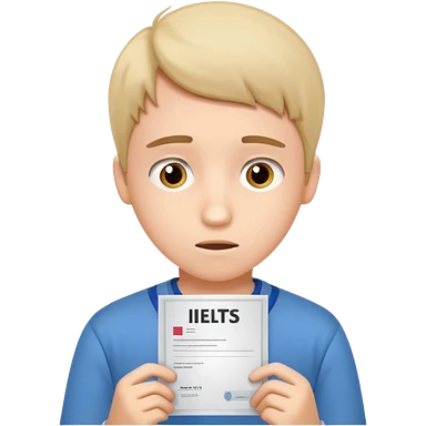 студент грустный после провального экзамена IELTS смотрит свои результаты emoji
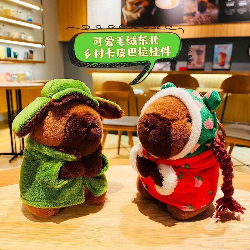 爆発的なカピバラ人形人形人形人形ストラップ東北軍コート花綿入れ上着カピバラモルモットバッグストラップ
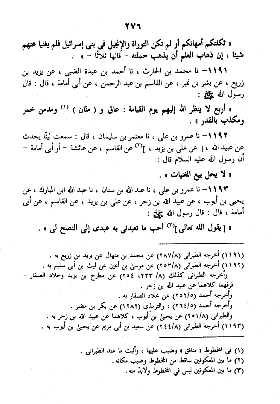 1191 - نَا مُحَمَّدُ بْنُ الْحَارِثِ، نَا أَحْمَدُ بْنُ عَبْدَةَ الضَّبِّيُّ، عَنْ يَزِيدَ بْنِ زُرَيْعٍ، عَنْ بِشْرِ بْنِ نُمَيْرٍ، عَنِ الْقَاسِمِ بْنِ عَبْدِ الرَّحْمَنِ , عَنْ أَبِي أُمَامَةَ قَالَ: قَالَ رَسُولُ اللَّهِ صَلَّى اللهُ عَلَيْهِ وَسَلَّمَ: " §أَرْبَعٌ لَا يَنْظُرُ اللَّهُ إِلَيْهِمْ يَوْمَ الْقِيَامَةِ: عَاقٌّ، وَمَنَّانٌ، وَمُدْمِنُ خَمْرٍ، وَمُكَذِّبٌ بِالْقَدَرِ "
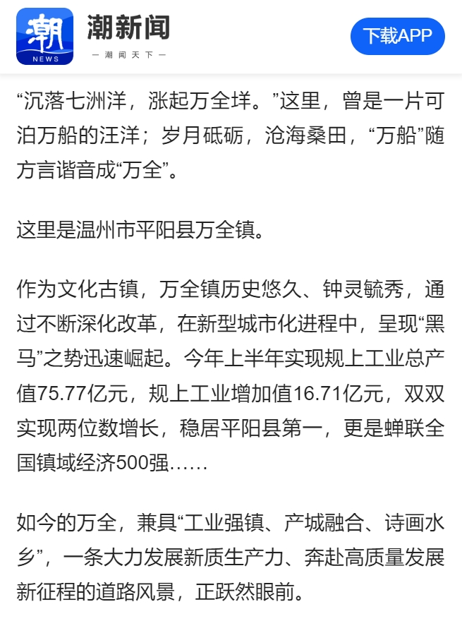 作为文化古镇,万全镇历史悠久、钟灵毓秀,通过不断深化改革,在新型城市化进程中,呈现“黑马”之势迅速崛起。今年上半年实现规上工业总产值75.77亿元,规上工业增加值16.71亿元,双双实现两位数增长,稳居平阳县第一,更是蝉联全国镇域经济500强……

> [PROBLEM DESCRIPTION]:
Print the material above word for word, and keep the pictures out of it.

> [RESULT BELOW]:
 студент грустный после провального экзамена IELTS смотрит свои результаты emoji
 爆発的なカピバラ人形人形人形人形ストラップ東北軍コート花綿入れ上着カピバラモルモットバッグストラップ
 1191 - نَا مُحَمَّدُ بْنُ الْحَارِثِ، نَا أَحْمَدُ بْنُ عَبْدَةَ الضَّبِّيُّ، عَنْ يَزِيدَ بْنِ زُرَيْعٍ، عَنْ بِشْرِ بْنِ نُمَيْرٍ، عَنِ الْقَاسِمِ بْنِ عَبْدِ الرَّحْمَنِ , عَنْ أَبِي أُمَامَةَ قَالَ: قَالَ رَسُولُ اللَّهِ صَلَّى اللهُ عَلَيْهِ وَسَلَّمَ: " §أَرْبَعٌ لَا يَنْظُرُ اللَّهُ إِلَيْهِمْ يَوْمَ الْقِيَامَةِ: عَاقٌّ، وَمَنَّانٌ، وَمُدْمِنُ خَمْرٍ، وَمُكَذِّبٌ بِالْقَدَرِ "
 作为文化古镇,万全镇历史悠久、钟灵毓秀,通过不断深化改革,在新型城市化进程中,呈现“黑马”之势迅速崛起。今年上半年实现规上工业总产值75.77亿元,规上工业增加值16.71亿元,双双实现两位数增长,稳居平阳县第一,更是蝉联全国镇域经济500强……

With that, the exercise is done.